6. In view of the above circumstances, the workman once again requested the Management to rectify the error in the entry with regard to his service record regarding the date of birth and accordingly requested the Management to enter the correct date of birth of the workman as 11.08.1929. The Management did not respond to the said request of the workman and did not consider the effect of the fresh certificate dated 19.02.1984 and September, 1984. It is the case of the appellant that the entire procedure followed by the Management was clearly in violation of the norms/stipulations in the works standing orders of the Management prepared and approved according to relevant legislation involved, which showed that the Management evidently acted according to its whims and fancies with no relevance to the industrial law.
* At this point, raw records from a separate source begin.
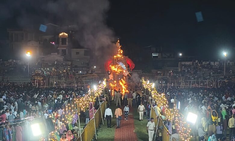 बुराई के प्रतीक रावण का स्टेडियम में हुआ दहन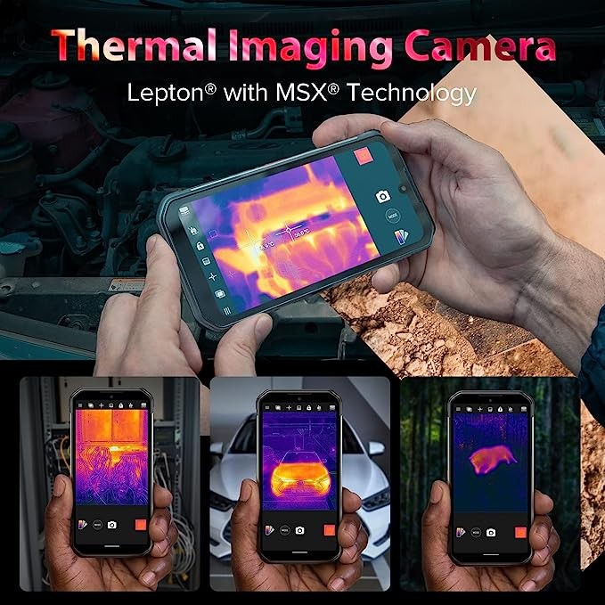• ?THERMAL IMAGING CAMERA RUGGED PHONE?Ulefone Armor 11T is configured with FLIR thermal imaging camera, with MSX technology and a 5MP auxiliary imaging camera on the Ulefone Armor 11T 5G smartphones can detect objects in the scene and create thermal images based on temperature. The measurable temperature range: -10℃ - 400℃, visualizes heat that is invisible to the naked eye, highlighting temperature contrasts.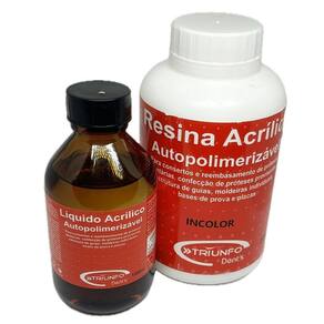 Kit Resina Acrílica Auto Pó Incolor 80g + Líquido 100ml Cola Triunfo Resina Acrílica Auto Polimerizante KIT Líquido 100ml + PÓ INCOLOR 80g ODONTOLOGIA - Reembasamentos - Consertos e adições de próteses e PPR - Confecção de próteses imediatas provisórias - Confecção de moldeiras individuais - Confecção de bases de prova de - Confecção de placas inter oclusais - Confecção de guias cirúrgicos REPAROS GERAIS - Reparos automotivos - Carcaças de Notebook - Videogames - Modelos de silicone - Reparos em peças de plástico em geral INFORMAÇÕES TÉCNICAS - Registro na ANVISA: 80772730007 O que vem na caixa - 1 Frasco LÍQUIDO 100ml - 1 Frasco PÓ INCOLOR 80g Marca: Não Informado Ean: 7794756817625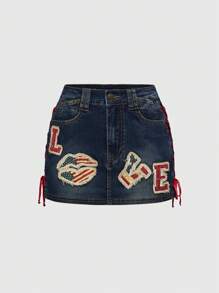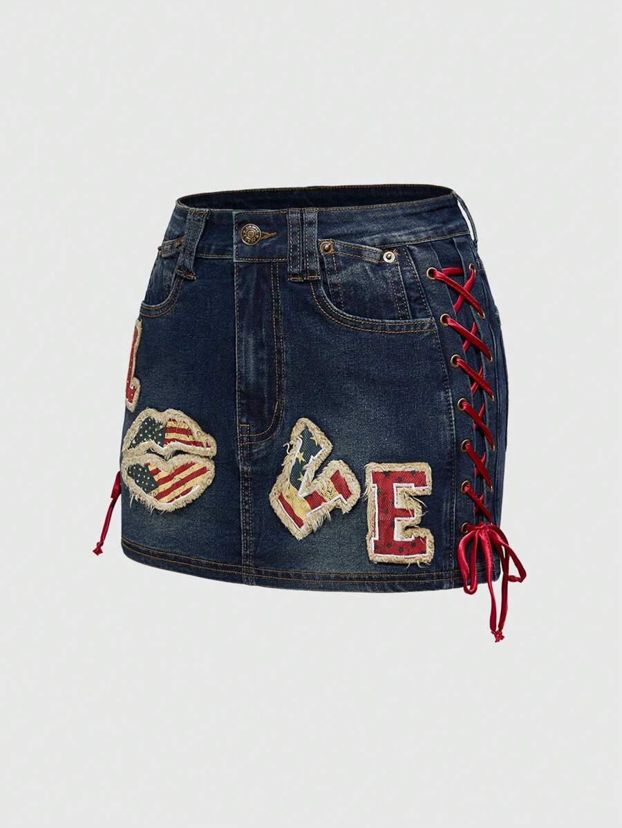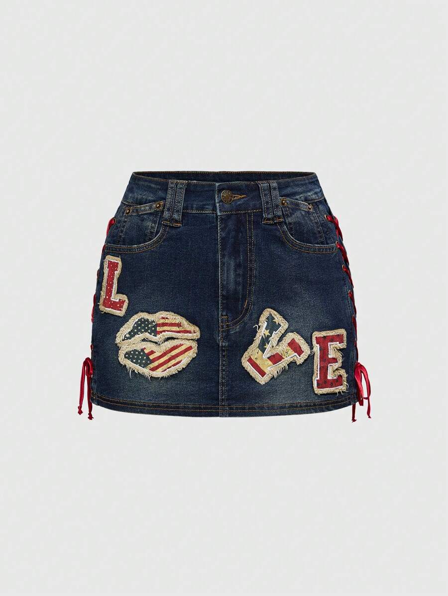 ROMWE Avant تنورة جينز منخفضة الخصر مطرزة بشعار "الحب" و علم الولايات المتحدة بطراز Y2K الرجعي الأمريكي

7. The workman superannuated on 13.09.1987 on the even date long before the actual date of superannuation. The workman raised an industrial dispute on this issue before the Government of Bihar which, in turn, made the reference to the Labour Court, Jamshedpur with the following terms of reference.
‘Whether to retire Shri N.G. Ghosh, T.No. 71937 workman of M/s Tata Iron and Steel Company, Ltd. Jamshedpur from 13.09.1987 is justified. If not, what relief he is entitled?’
8. The Presiding Officer, Labour Court upon appearance of the parties and after recording the respective statement of the oral evidence etc. considered the submissions and arguments of the workman and of the Management passed an award on 13.03.1995 in favour of the workman. The Labour Court observed in the award that the contentions of the Management were not supported by evidence and no evidence was adduced by the Management which could legitimately substantiate their case.
9. The Labour Court passed the Award holding that the workman is entitled to full back wages including admissible allowances and other benefits for the period from 13.09.1987 his date of illegal superannuation to 11.08.1990 the actual date of retirement. The payment was directed to be paid within 2 months failing which the amount could be realized with interest @ 12%.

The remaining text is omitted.